Phil Ward

Phil Ward of Lo-Fidelity Allstars/Technically Men breaks cover to answer a virtual torrent of quick questions

Music press cover stories, rave reviews, the Lo-Fis were genuinely the next big thing for a while, right?

“We really were the big hype for a few months. I remember meeting some other up-and-coming band at the time and they said they couldn’t stand us because we took all the front covers away from them.”

And then it all went tits up, care to sum that up for us?

“People just didn’t care about us anymore, pretty basic really. We also took five years to finish our second album, which probably didn’t help.”

You relocated to New York didn’t you. What’ve you been up to over there?

“I run my unsuccessful Deep Ellum record label [] and I also work in a brewery in Brooklyn. I have a beard and a top knot, so I’ve finally become everything I hate.”

‘Technically Men’ is essentially a lost Lo-Fidelity Allstars album isn’t it?

“Yeah, pretty much. It was written by the same people and all the band played on it. I think after ‘Don’t Be Afraid Of Love’ we just wanted to do something quick and easy with no pressure, no expectations. It took us about a month.”

Care to explain the cover Alexander O’Neal’s ‘Criticize’?

“We loved our 80s soul, the smoother the better. That song seemed right for the album, which is basically us criticising everything. All the songs are based on various situations and people we’d met. We were all pissed off with the whole music industry. We were pretty sick of Brighton by that point, a load of middle class hipsters everywhere.”

The swearing is very impressive. Do you have a favourite line?

“I love the line from ‘Don’t Send Me Away’: ‘The court of King Knobhead is now in session / The stupidest man in the world / Talking like a big man / But blubbing like a little girl’. It was one of Johnny’s best lines. We can all relate to being King Knobhead.”

Why so angry?

“I think we knew our time in the spotlight was coming to an end and this raging against the dying of the light was just me shouting a load of bile down a mic. I’m much mellower now.”

Did it help to get all that out?

“Oh yeah, it felt great. But it also just felt good to finish it and leave it behind. I don’t think any of us wanted to go back out there and start talking about an album again. Although now I’m very happy to talk about it, obviously.”

Always liked the Lo-Fi’s stage names, you had one for this didn’t you?

“Johnny christened me Jeff Bile, a disgruntled travelling salesman, which is why we all wore our crap wedding suits at the few shows we did play. We wanted to look like the worst pub band you’d ever seen.”

We lost Johnny “The Slammer” Machin to cancer last year. A cracking drummer and all-round top chap…

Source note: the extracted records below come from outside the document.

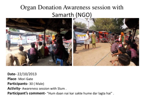 Organ Donation Awareness session with Samarth (NGO) Date- 22/10/2013 Place- Mori Gate Participants- 30 ( Male) Activity- Awareness session with Slum . Participant’s comment- “Hum daan nai kar sakte hume dar lagta hai” .
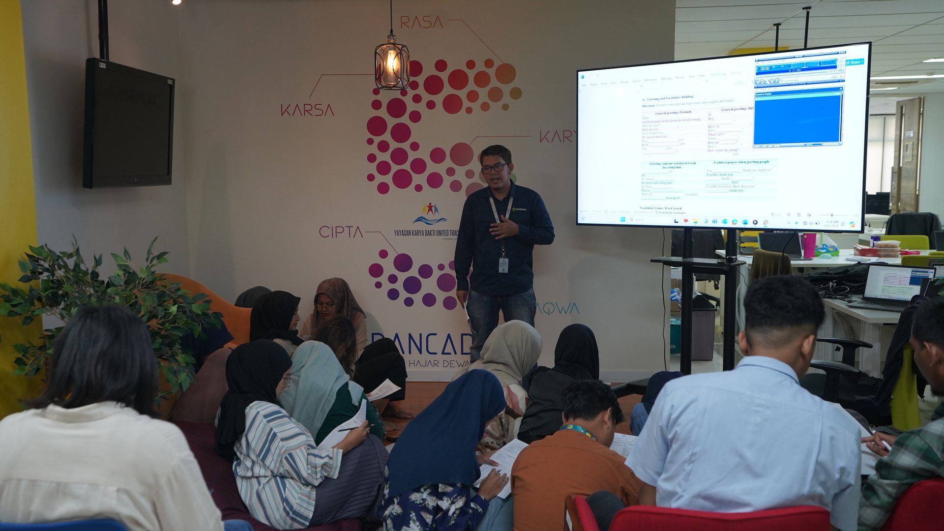 Acara English Fun disambut dengan antusias oleh tim dan intern YKBUT yang bersemangat untuk meningkatkan kompetensi bahasa Inggris mereka. Pematerian dimulai pada pukul 08.00, di mana para peserta menerima kertas soal untuk dikerjakan. Fokus materi kali ini adalah belajar berbagai macam sapaan atau greetings dalam bahasa Inggris. Para peserta diminta mendengarkan dan menuliskan sapaan yang mereka dengar ke dalam lembar jawaban.
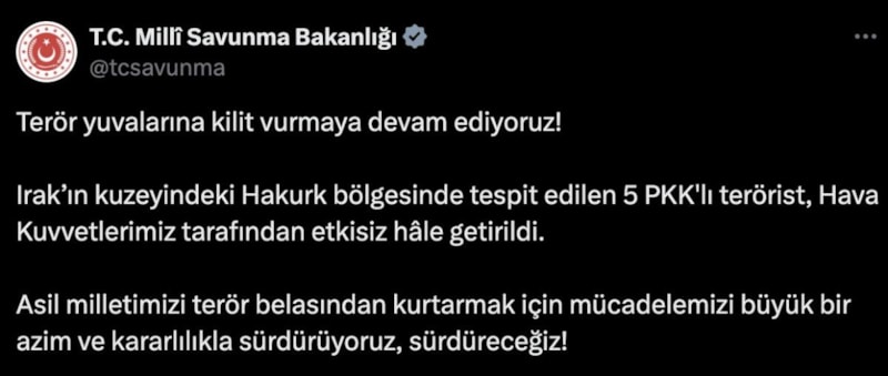 Milli Savunma Bakanlığı, Irak'ın kuzeyindeki Hakurk bölgesinde tespit edilen teröristlerin, hava harekatıyla öldürüldüğünü açıkladı.
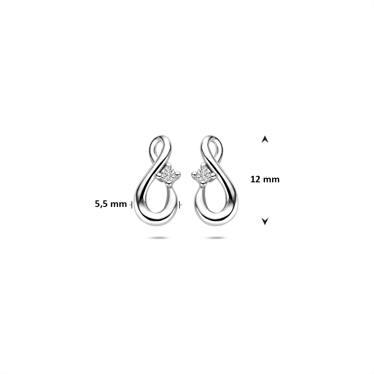 Gerhodineerd 925 zilveren oorknoppen uitgevoerd in de vorm van een infinity met zirkonia. De oorknoppen hebben een afmeting van 12x5.5mm.

“Johnny was the funniest, most talented person I’ve ever met. Also a life-long Leicester City fan, so he got to experience their glorious year. He introduced us to so much great music and so many great books. Go try and find a song called ‘Nova’ by Rhonda Scott, it’s one of the most incredible things he played me. He’s missed by all of us. All the proceeds from this release will be going to Cancer Research UK in memory of him.”